> Requirement
In the listing below, locate the line with "KARAWANG, Spirit –" and the line with "尼罗鳄 进口高光皮kelly28 金扣 9色现货 总有一个颜色适合您", then output both and everything between them exactly, minus any pictures.

> Excerpted records
★ ★ ★

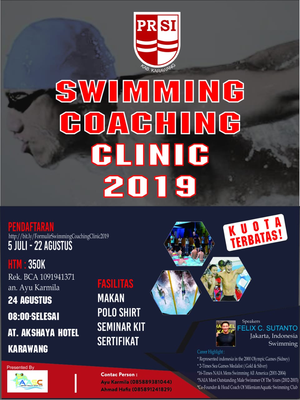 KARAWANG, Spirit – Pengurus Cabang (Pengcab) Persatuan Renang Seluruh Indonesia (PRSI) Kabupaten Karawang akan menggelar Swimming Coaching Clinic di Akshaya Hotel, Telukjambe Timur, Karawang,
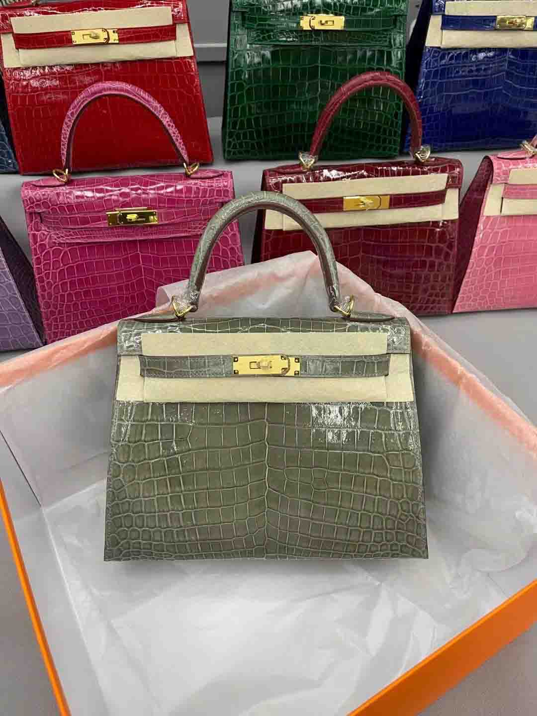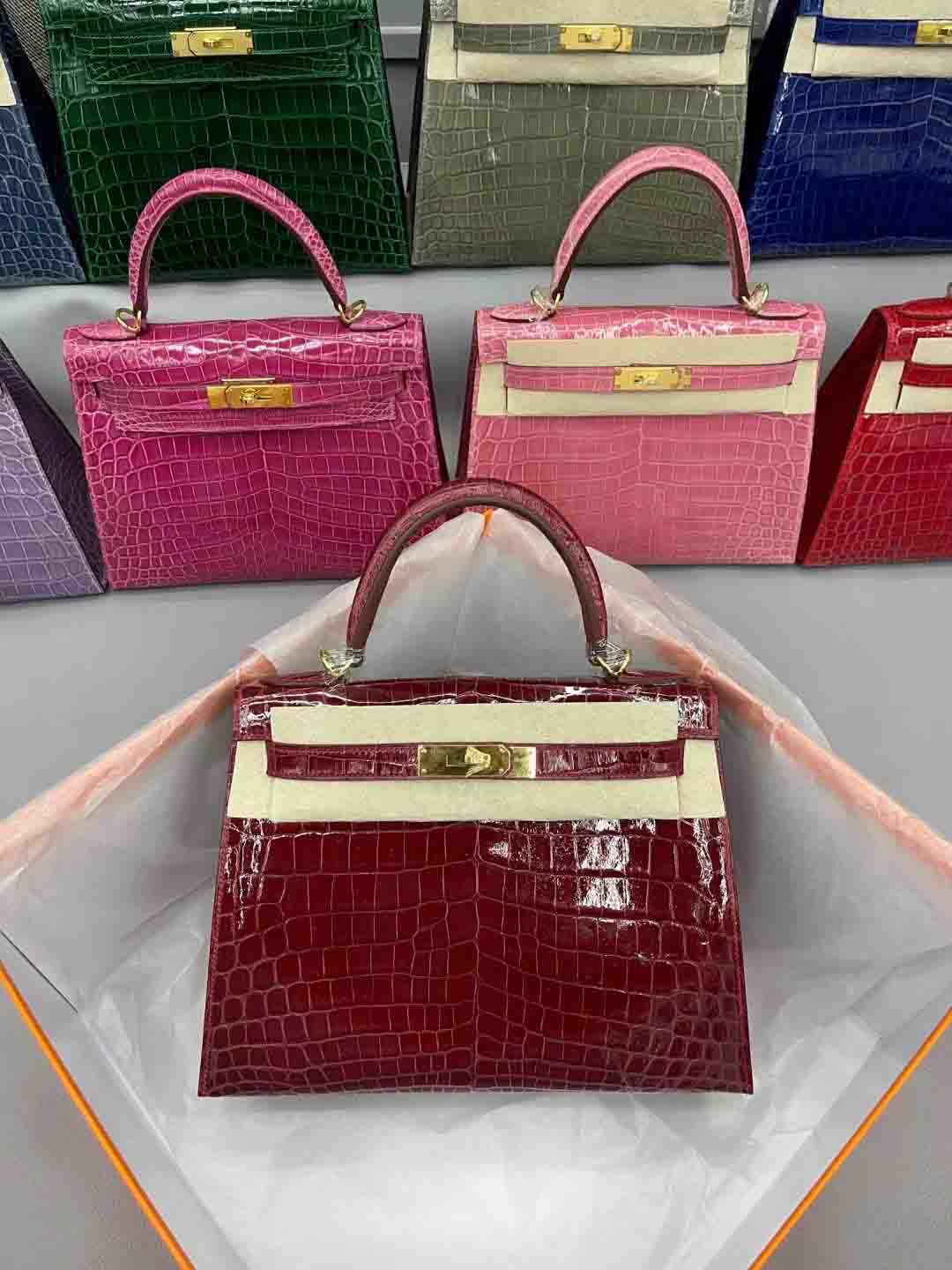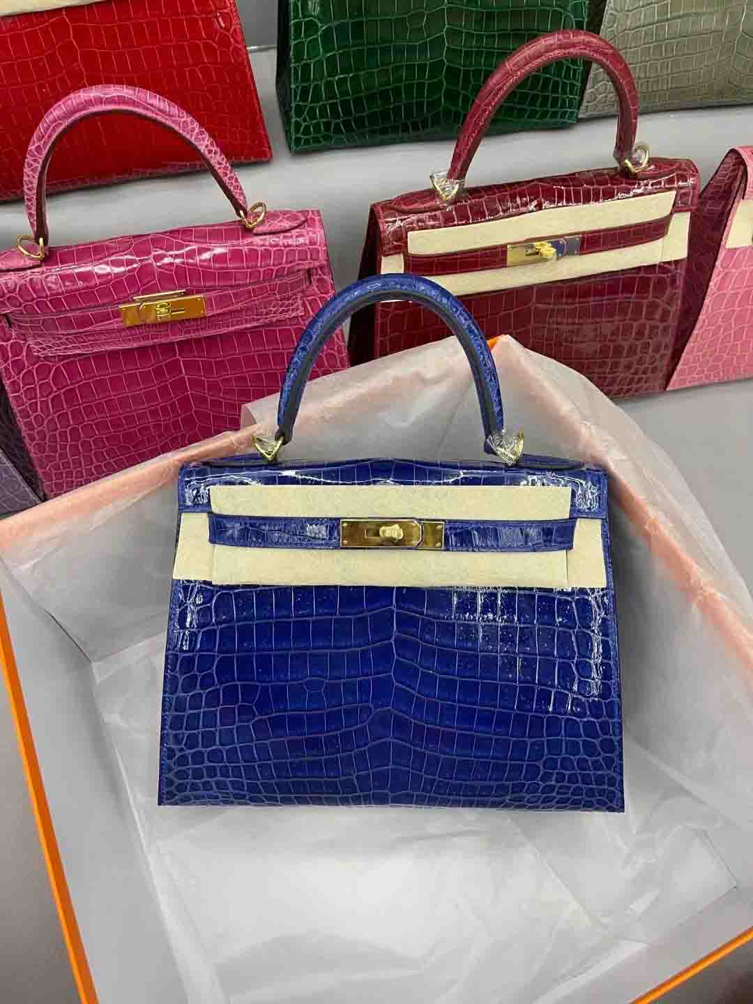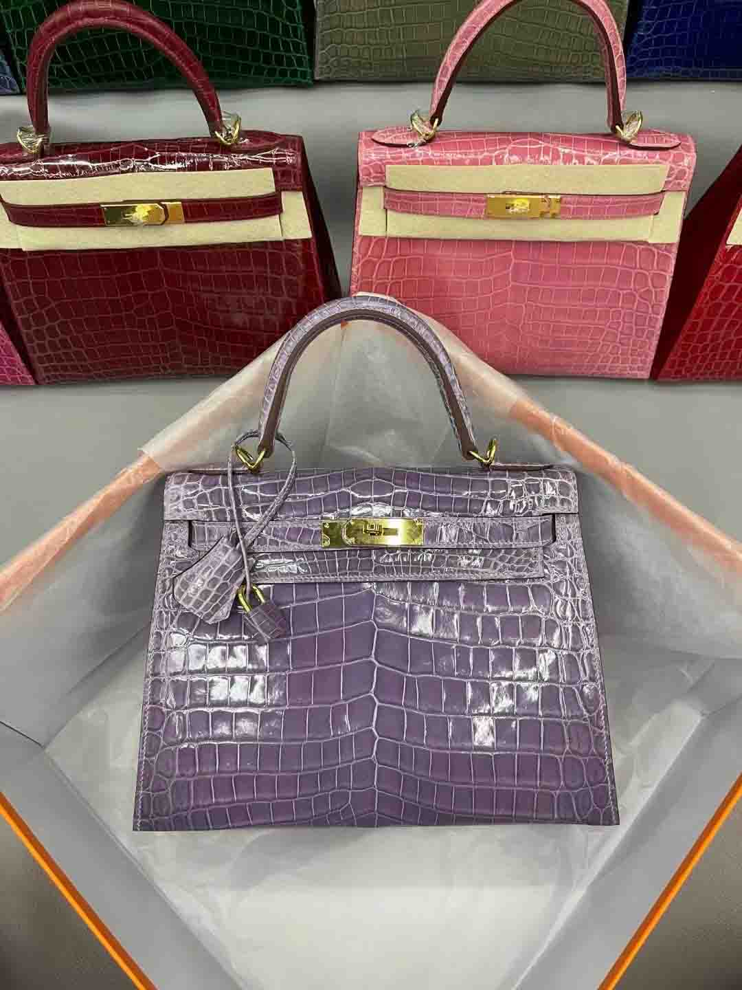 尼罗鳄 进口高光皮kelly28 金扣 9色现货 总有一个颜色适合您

★ ★ ★

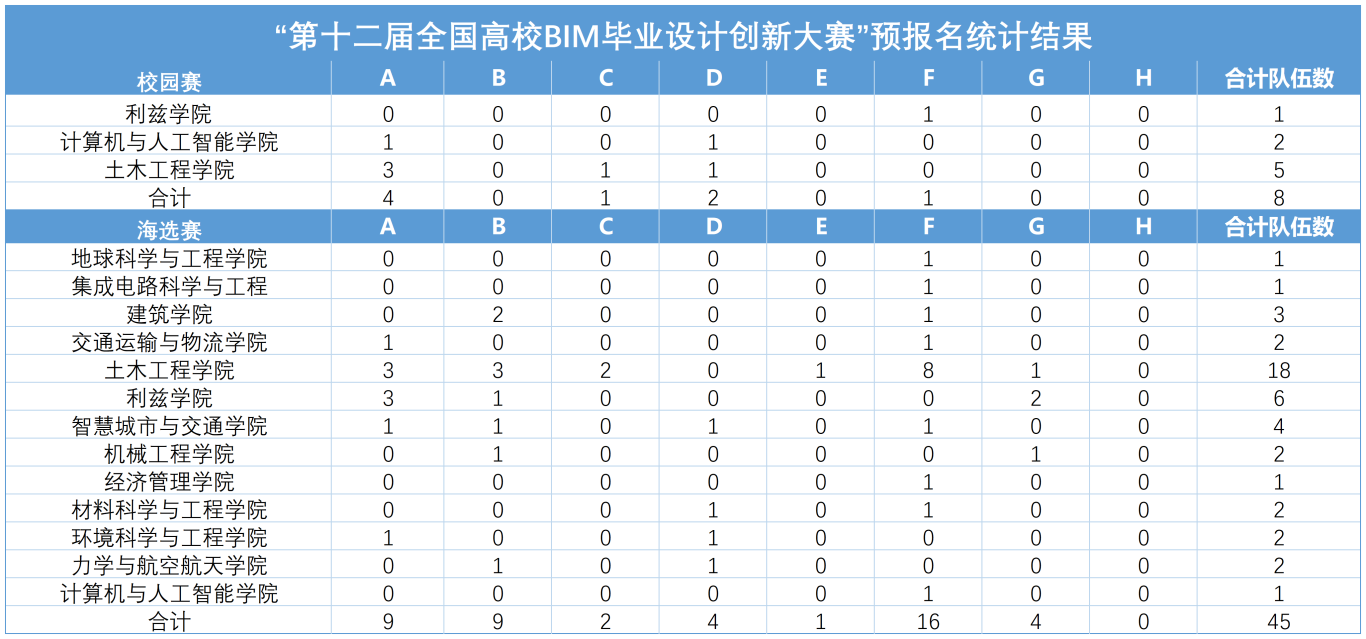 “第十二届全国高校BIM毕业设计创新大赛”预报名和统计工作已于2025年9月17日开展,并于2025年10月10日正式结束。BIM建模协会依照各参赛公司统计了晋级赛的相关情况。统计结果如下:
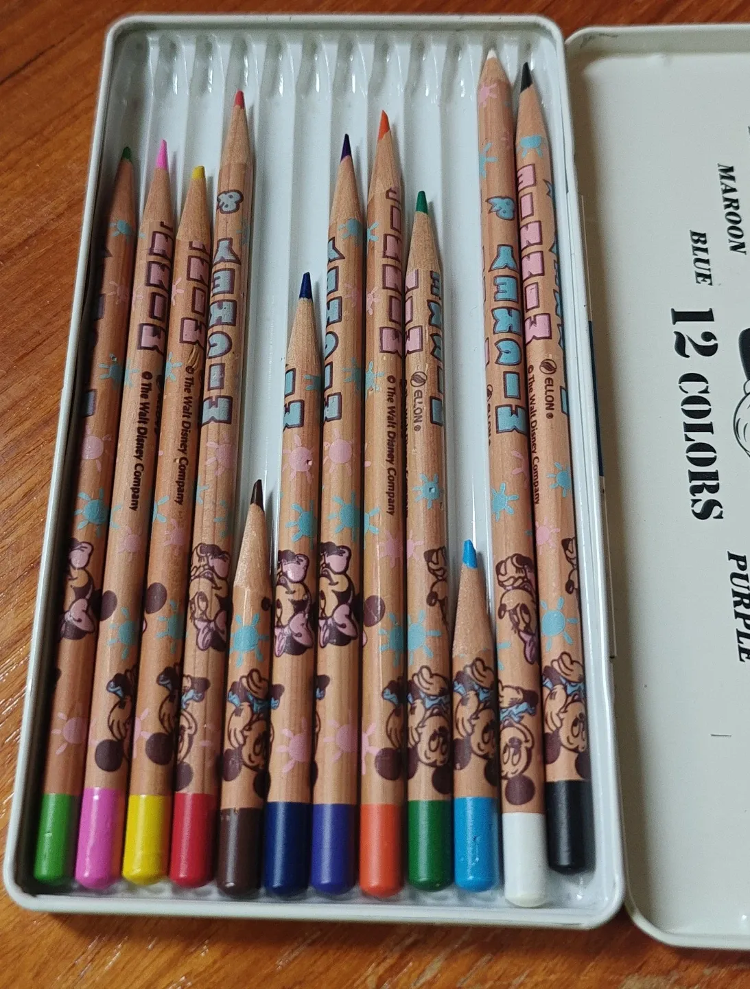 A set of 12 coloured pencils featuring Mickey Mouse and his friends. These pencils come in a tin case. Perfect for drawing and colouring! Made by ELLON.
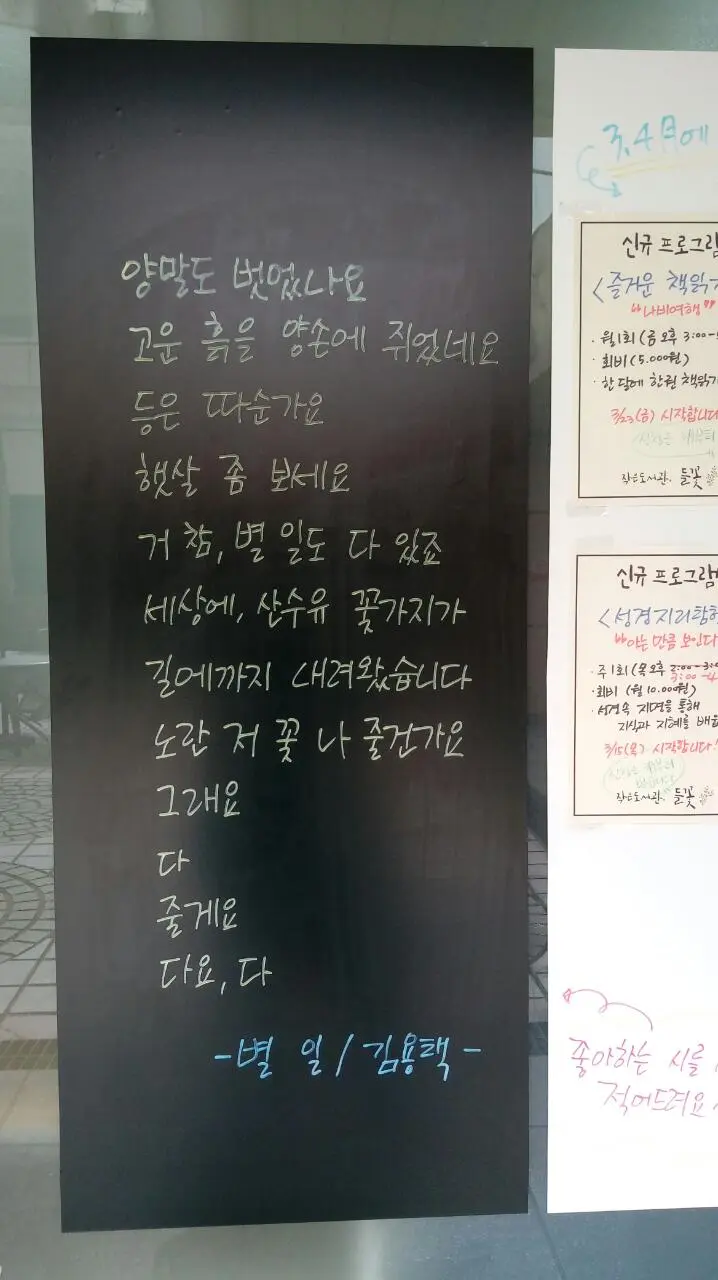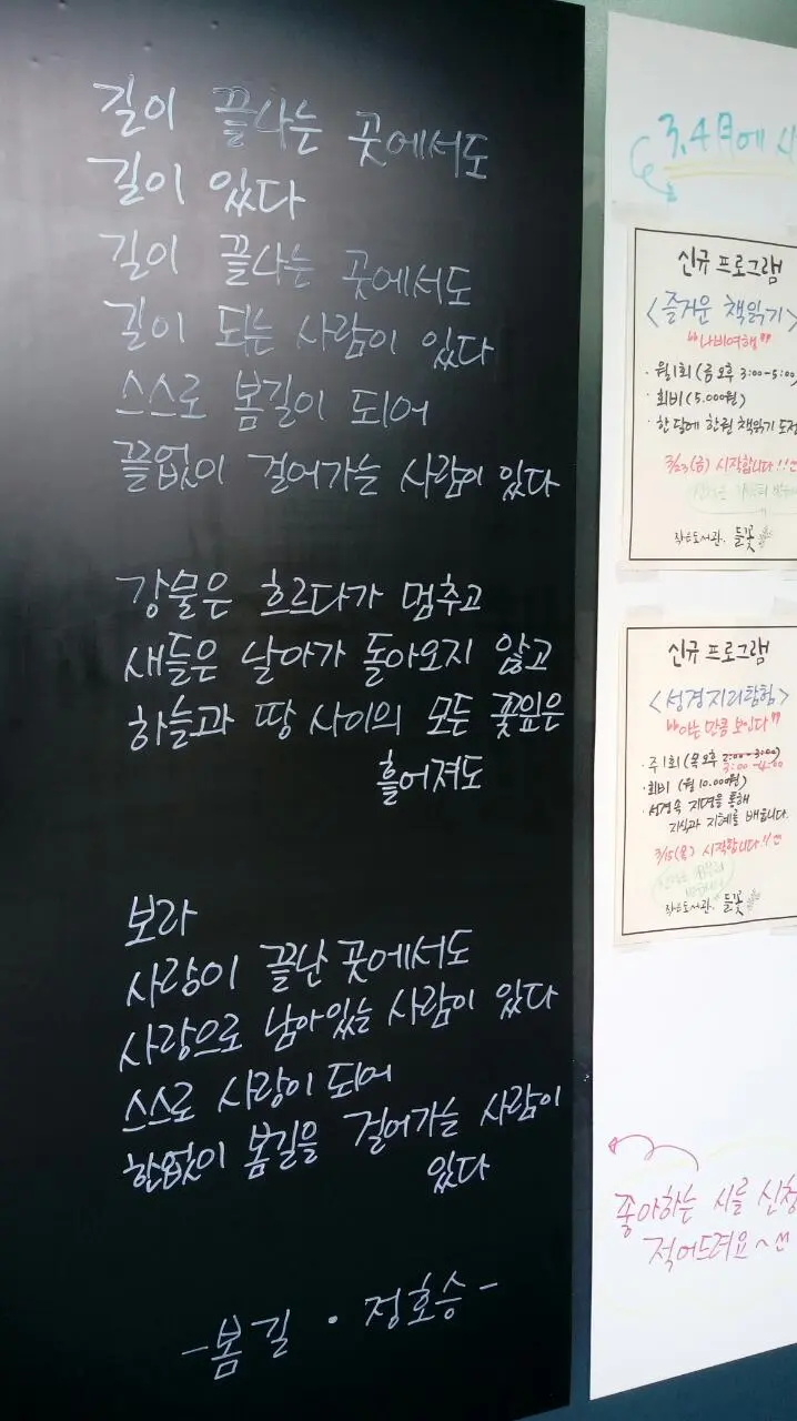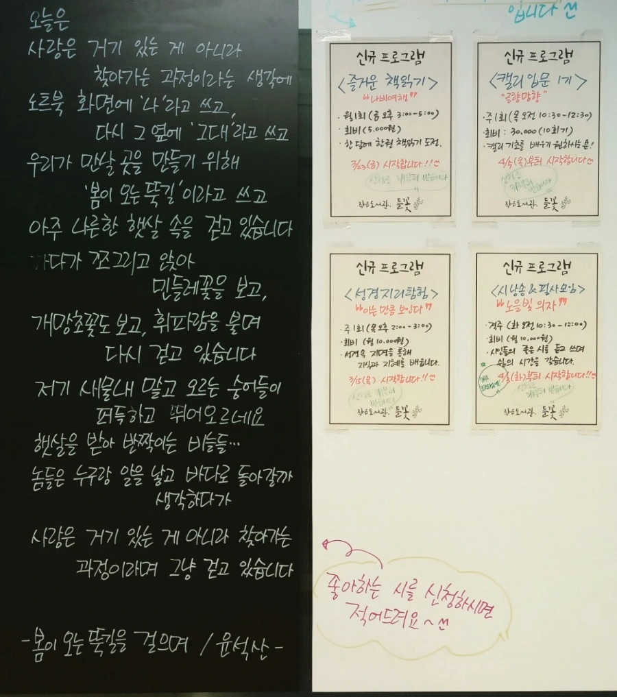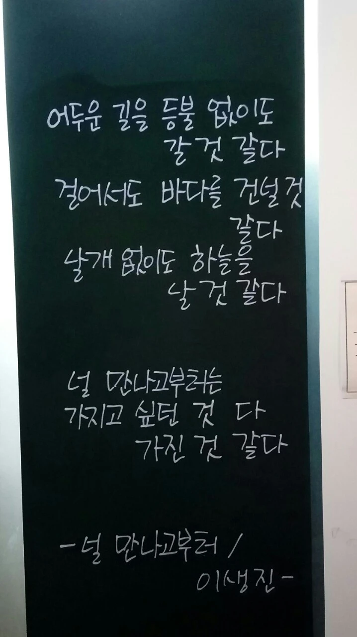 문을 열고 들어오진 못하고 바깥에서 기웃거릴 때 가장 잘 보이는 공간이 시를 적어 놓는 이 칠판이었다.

★ ★ ★

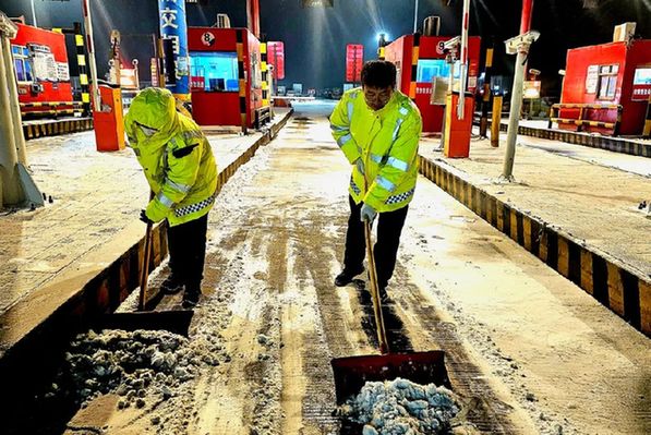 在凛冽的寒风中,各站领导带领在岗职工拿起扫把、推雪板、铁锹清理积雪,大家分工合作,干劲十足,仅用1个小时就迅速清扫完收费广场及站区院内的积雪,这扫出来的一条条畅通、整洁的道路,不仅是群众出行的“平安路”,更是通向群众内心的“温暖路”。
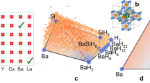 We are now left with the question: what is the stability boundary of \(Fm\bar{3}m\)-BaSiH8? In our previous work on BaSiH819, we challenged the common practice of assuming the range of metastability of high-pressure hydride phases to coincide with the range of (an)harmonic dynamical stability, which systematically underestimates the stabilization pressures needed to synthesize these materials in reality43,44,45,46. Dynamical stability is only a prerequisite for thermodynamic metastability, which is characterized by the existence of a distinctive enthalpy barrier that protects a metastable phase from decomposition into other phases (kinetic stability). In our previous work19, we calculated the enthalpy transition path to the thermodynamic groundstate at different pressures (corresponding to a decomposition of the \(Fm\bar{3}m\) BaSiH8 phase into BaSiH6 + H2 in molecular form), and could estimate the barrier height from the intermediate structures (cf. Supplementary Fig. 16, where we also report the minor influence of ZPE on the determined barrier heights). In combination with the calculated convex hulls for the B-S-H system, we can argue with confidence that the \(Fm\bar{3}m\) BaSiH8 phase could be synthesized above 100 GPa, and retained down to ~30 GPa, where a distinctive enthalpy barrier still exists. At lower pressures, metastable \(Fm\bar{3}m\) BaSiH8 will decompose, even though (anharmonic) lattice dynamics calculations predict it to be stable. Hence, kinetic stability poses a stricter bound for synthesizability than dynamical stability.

★ ★ ★

> Response area
 KARAWANG, Spirit – Pengurus Cabang (Pengcab) Persatuan Renang Seluruh Indonesia (PRSI) Kabupaten Karawang akan menggelar Swimming Coaching Clinic di Akshaya Hotel, Telukjambe Timur, Karawang,
 尼罗鳄 进口高光皮kelly28 金扣 9色现货 总有一个颜色适合您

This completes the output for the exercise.